**Data listing**
----------

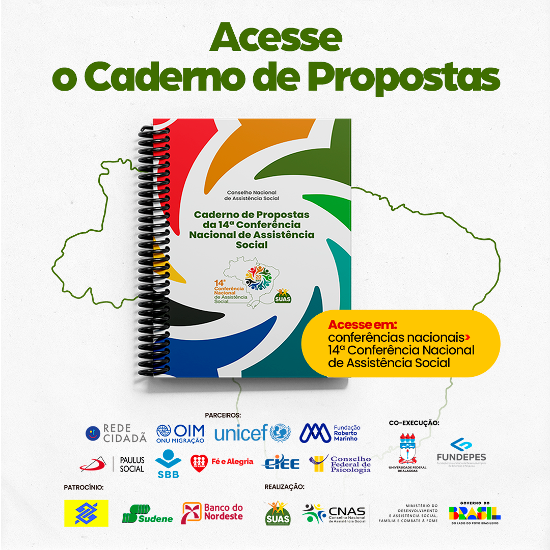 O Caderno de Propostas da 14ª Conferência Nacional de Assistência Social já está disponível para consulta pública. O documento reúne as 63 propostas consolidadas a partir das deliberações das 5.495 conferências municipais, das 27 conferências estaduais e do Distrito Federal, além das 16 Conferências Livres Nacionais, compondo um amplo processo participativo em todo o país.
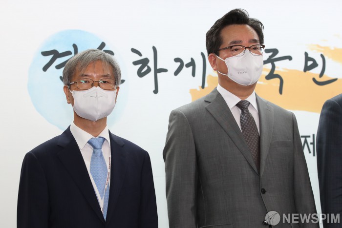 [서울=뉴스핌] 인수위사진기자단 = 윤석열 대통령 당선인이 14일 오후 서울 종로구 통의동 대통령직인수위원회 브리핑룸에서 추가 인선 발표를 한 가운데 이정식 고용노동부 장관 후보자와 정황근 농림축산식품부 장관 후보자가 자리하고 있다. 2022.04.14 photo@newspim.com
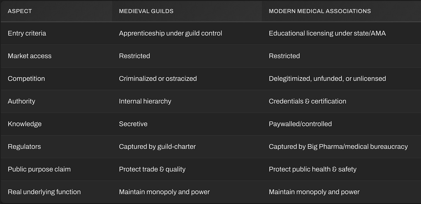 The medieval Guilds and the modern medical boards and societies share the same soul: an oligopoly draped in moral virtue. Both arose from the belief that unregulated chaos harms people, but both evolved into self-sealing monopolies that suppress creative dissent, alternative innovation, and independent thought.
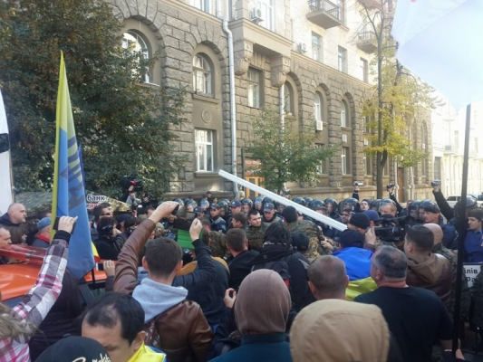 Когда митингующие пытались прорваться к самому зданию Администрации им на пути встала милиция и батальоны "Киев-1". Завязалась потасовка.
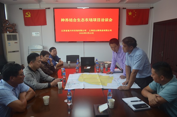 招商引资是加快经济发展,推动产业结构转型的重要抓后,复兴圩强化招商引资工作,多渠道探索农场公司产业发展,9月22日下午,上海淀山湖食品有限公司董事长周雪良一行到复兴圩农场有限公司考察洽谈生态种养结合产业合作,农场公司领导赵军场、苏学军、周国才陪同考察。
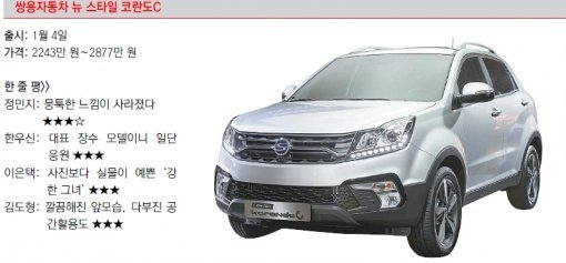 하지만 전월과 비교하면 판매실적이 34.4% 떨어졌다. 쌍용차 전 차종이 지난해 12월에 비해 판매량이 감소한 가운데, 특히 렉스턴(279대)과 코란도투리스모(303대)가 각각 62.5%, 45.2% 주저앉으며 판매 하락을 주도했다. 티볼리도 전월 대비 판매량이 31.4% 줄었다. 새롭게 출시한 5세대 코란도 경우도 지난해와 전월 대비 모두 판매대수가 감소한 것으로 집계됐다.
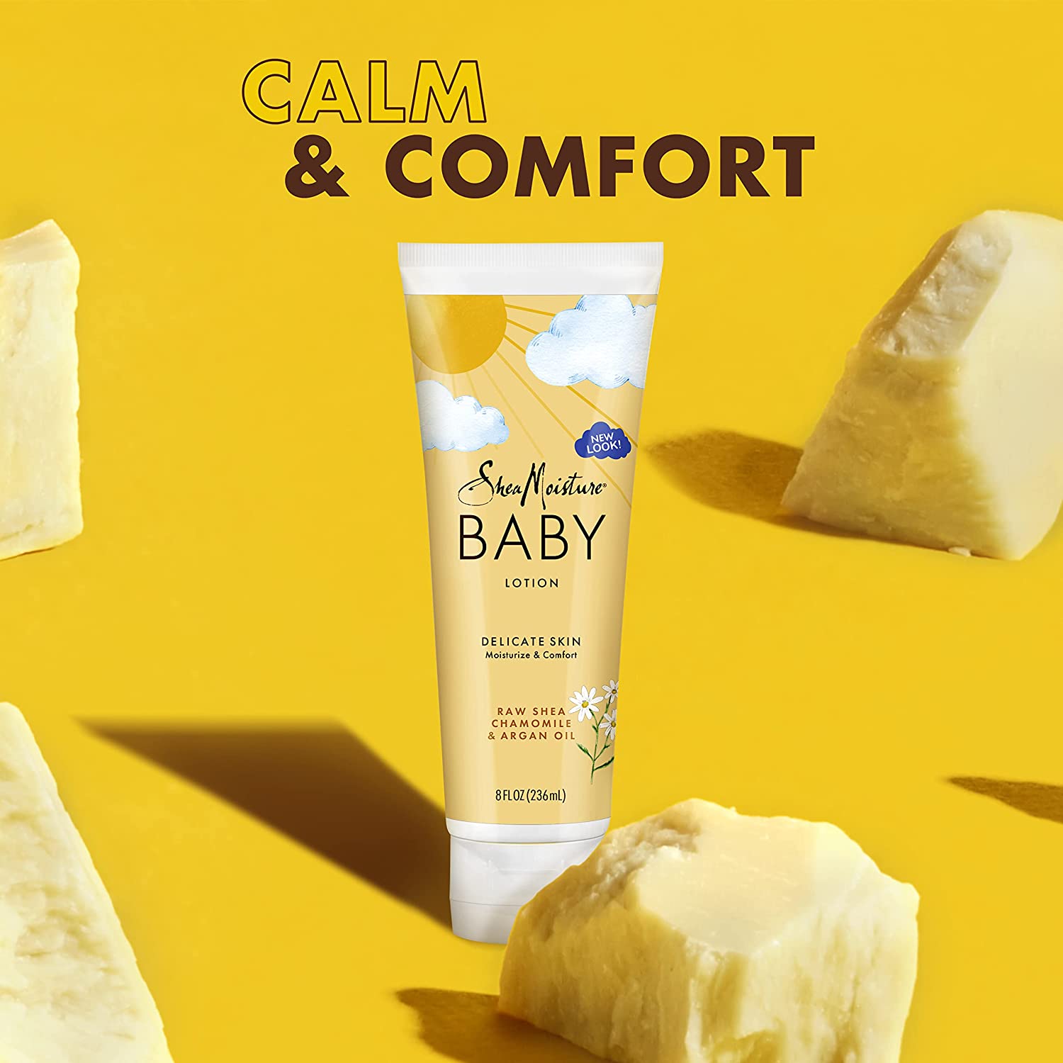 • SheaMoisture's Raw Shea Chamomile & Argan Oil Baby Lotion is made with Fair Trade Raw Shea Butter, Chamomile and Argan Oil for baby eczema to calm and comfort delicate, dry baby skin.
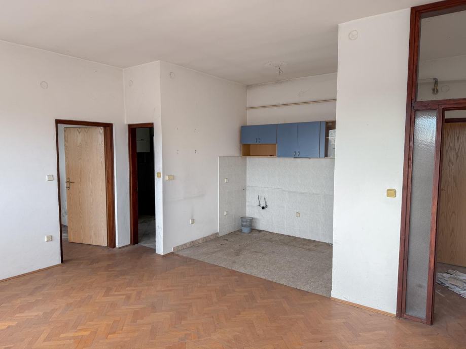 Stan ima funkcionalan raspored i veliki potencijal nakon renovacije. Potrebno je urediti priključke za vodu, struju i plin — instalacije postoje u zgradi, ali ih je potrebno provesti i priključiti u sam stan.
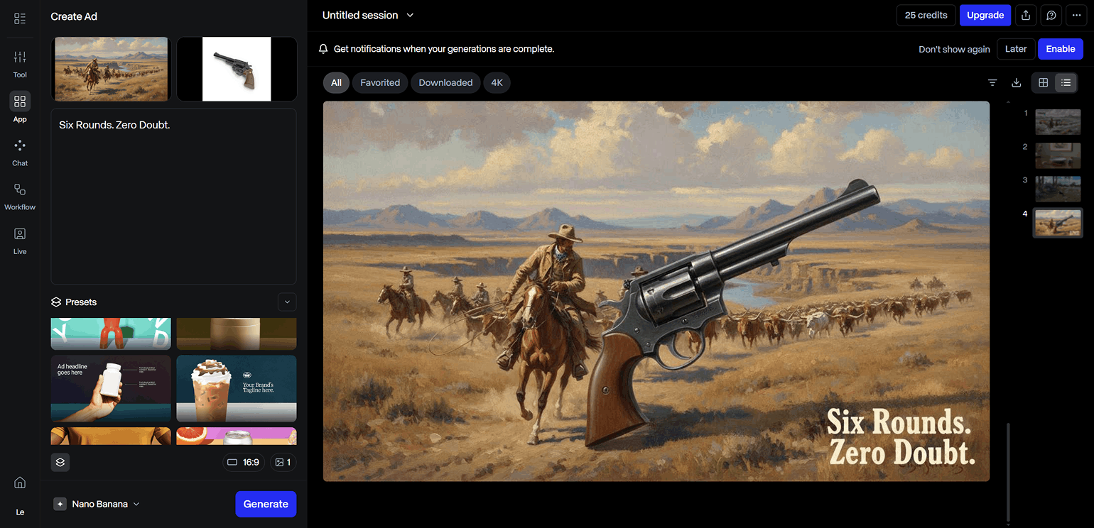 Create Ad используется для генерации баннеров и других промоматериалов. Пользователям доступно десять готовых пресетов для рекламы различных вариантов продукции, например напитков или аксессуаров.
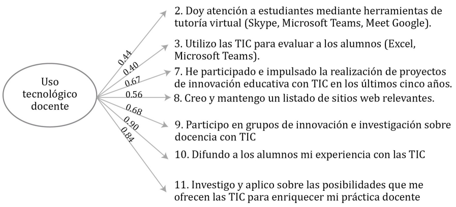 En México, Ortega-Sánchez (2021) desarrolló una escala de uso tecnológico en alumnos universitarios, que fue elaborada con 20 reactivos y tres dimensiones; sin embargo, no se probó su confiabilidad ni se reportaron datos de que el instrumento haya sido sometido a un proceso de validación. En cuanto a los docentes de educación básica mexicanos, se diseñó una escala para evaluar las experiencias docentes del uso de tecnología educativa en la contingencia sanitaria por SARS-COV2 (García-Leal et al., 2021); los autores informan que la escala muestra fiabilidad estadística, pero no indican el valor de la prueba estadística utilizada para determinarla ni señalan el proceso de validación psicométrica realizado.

----------

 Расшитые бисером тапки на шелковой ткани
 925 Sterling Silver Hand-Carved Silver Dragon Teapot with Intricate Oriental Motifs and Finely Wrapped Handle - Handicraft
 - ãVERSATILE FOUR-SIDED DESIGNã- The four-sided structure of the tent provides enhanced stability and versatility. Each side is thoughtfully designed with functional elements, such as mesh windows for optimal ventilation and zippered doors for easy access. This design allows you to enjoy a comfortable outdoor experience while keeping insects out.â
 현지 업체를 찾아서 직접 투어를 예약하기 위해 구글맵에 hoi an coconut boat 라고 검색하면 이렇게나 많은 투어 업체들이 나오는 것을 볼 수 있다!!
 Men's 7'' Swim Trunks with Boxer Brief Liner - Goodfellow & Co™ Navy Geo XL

----------

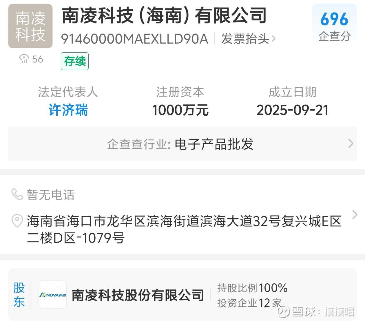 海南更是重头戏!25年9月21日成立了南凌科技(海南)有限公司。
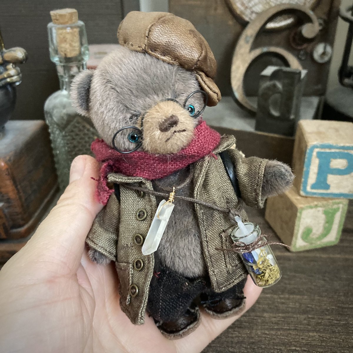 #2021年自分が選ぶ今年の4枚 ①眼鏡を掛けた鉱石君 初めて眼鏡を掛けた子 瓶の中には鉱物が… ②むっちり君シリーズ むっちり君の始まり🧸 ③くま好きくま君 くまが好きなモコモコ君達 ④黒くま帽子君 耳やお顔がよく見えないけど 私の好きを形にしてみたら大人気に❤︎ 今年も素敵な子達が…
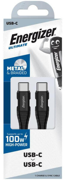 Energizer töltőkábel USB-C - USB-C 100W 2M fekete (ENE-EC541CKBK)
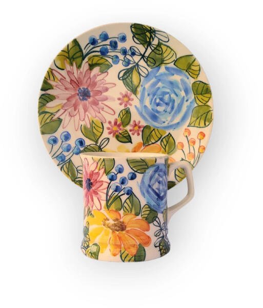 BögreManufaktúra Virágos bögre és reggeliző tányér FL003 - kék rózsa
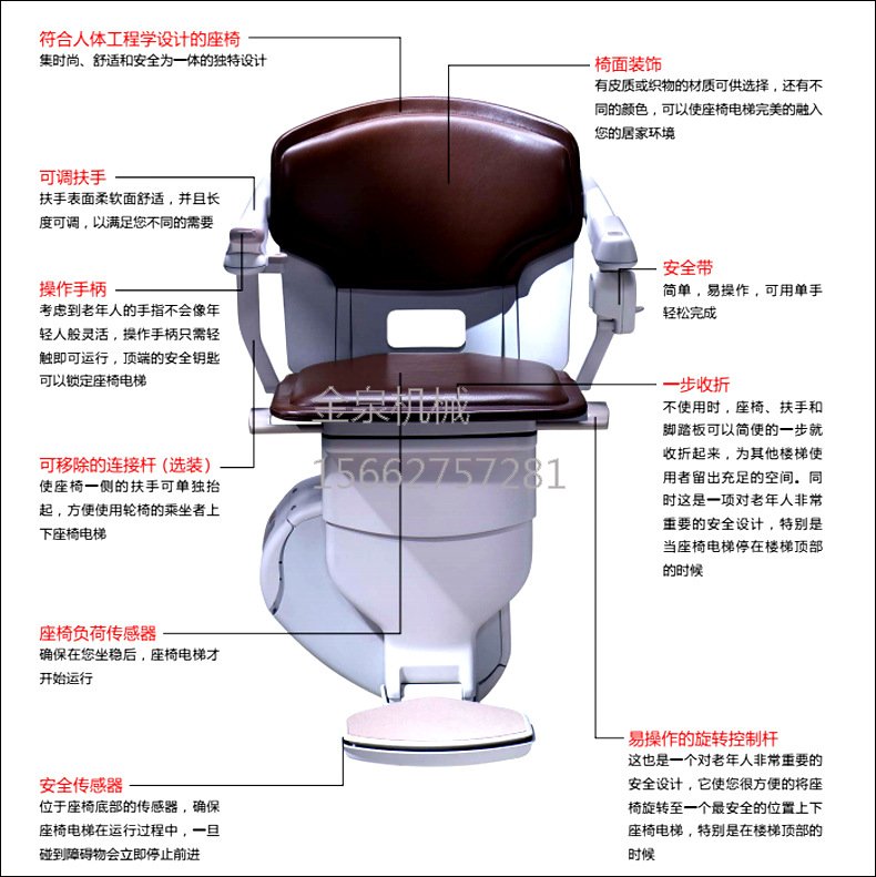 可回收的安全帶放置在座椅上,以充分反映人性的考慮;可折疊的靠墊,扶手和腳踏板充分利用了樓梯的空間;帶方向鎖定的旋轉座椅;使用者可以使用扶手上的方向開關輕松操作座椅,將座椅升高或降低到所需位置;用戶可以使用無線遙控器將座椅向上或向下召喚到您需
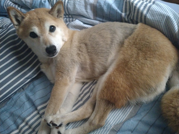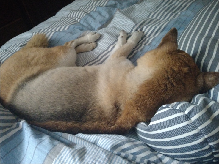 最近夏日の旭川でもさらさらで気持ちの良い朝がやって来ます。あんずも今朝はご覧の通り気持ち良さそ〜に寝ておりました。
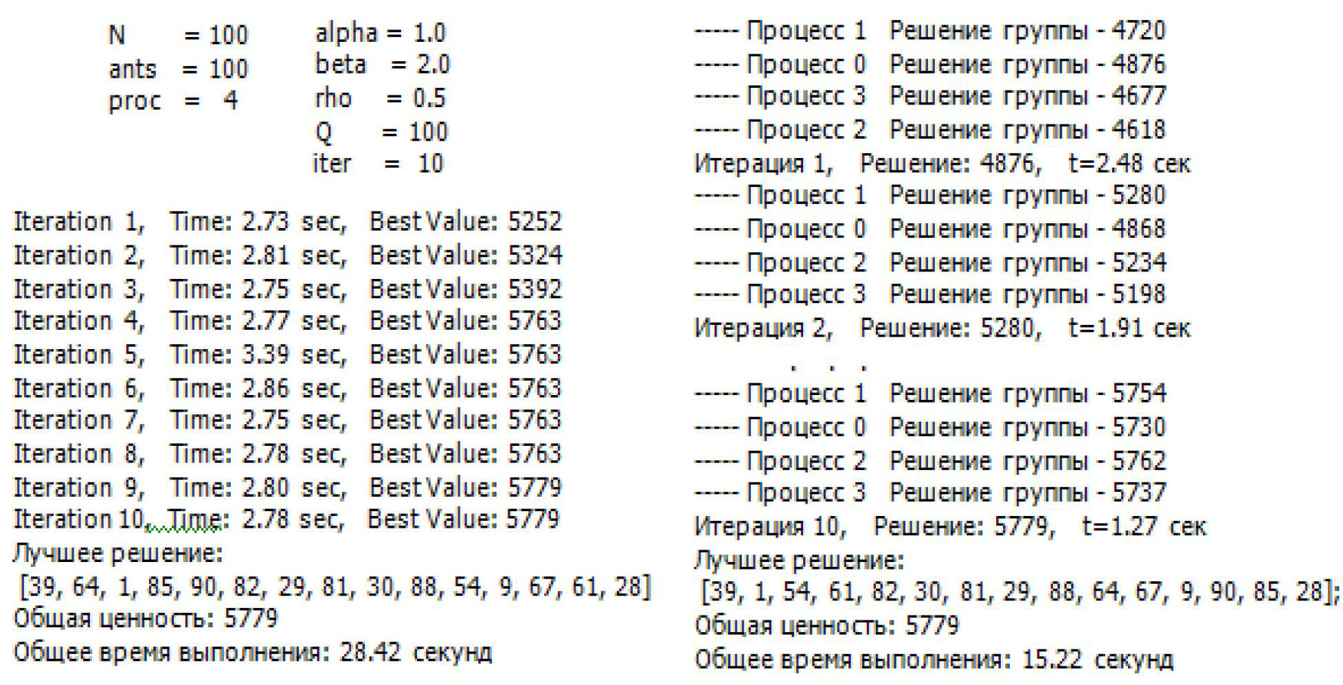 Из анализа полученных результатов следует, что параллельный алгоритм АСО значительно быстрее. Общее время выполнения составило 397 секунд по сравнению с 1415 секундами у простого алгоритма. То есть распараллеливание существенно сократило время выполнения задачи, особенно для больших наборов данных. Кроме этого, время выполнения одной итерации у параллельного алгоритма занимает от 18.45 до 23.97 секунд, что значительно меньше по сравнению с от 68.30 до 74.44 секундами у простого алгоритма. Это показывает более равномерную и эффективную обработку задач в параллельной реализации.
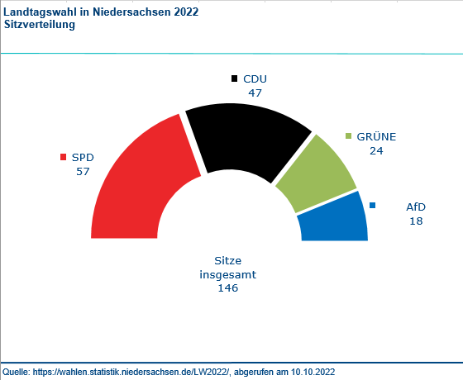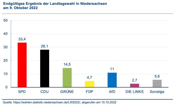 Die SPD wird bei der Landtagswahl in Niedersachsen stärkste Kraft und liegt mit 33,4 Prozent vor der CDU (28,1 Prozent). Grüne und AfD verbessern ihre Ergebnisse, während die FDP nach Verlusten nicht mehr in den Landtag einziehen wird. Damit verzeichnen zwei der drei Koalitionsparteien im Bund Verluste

----------

**Work order**
In the listing above, find the line containing "O Caderno de". Output it and every line after it up to and including the line containing "Create Ad используется", exactly, but skip the pictures.

**Answer space**
 O Caderno de Propostas da 14ª Conferência Nacional de Assistência Social já está disponível para consulta pública. O documento reúne as 63 propostas consolidadas a partir das deliberações das 5.495 conferências municipais, das 27 conferências estaduais e do Distrito Federal, além das 16 Conferências Livres Nacionais, compondo um amplo processo participativo em todo o país.
 [서울=뉴스핌] 인수위사진기자단 = 윤석열 대통령 당선인이 14일 오후 서울 종로구 통의동 대통령직인수위원회 브리핑룸에서 추가 인선 발표를 한 가운데 이정식 고용노동부 장관 후보자와 정황근 농림축산식품부 장관 후보자가 자리하고 있다. 2022.04.14 photo@newspim.com
 The medieval Guilds and the modern medical boards and societies share the same soul: an oligopoly draped in moral virtue. Both arose from the belief that unregulated chaos harms people, but both evolved into self-sealing monopolies that suppress creative dissent, alternative innovation, and independent thought.
 Когда митингующие пытались прорваться к самому зданию Администрации им на пути встала милиция и батальоны "Киев-1". Завязалась потасовка.
 招商引资是加快经济发展,推动产业结构转型的重要抓后,复兴圩强化招商引资工作,多渠道探索农场公司产业发展,9月22日下午,上海淀山湖食品有限公司董事长周雪良一行到复兴圩农场有限公司考察洽谈生态种养结合产业合作,农场公司领导赵军场、苏学军、周国才陪同考察。
 하지만 전월과 비교하면 판매실적이 34.4% 떨어졌다. 쌍용차 전 차종이 지난해 12월에 비해 판매량이 감소한 가운데, 특히 렉스턴(279대)과 코란도투리스모(303대)가 각각 62.5%, 45.2% 주저앉으며 판매 하락을 주도했다. 티볼리도 전월 대비 판매량이 31.4% 줄었다. 새롭게 출시한 5세대 코란도 경우도 지난해와 전월 대비 모두 판매대수가 감소한 것으로 집계됐다.
 • SheaMoisture's Raw Shea Chamomile & Argan Oil Baby Lotion is made with Fair Trade Raw Shea Butter, Chamomile and Argan Oil for baby eczema to calm and comfort delicate, dry baby skin.
 Stan ima funkcionalan raspored i veliki potencijal nakon renovacije. Potrebno je urediti priključke za vodu, struju i plin — instalacije postoje u zgradi, ali ih je potrebno provesti i priključiti u sam stan.
 Create Ad используется для генерации баннеров и других промоматериалов. Пользователям доступно десять готовых пресетов для рекламы различных вариантов продукции, например напитков или аксессуаров.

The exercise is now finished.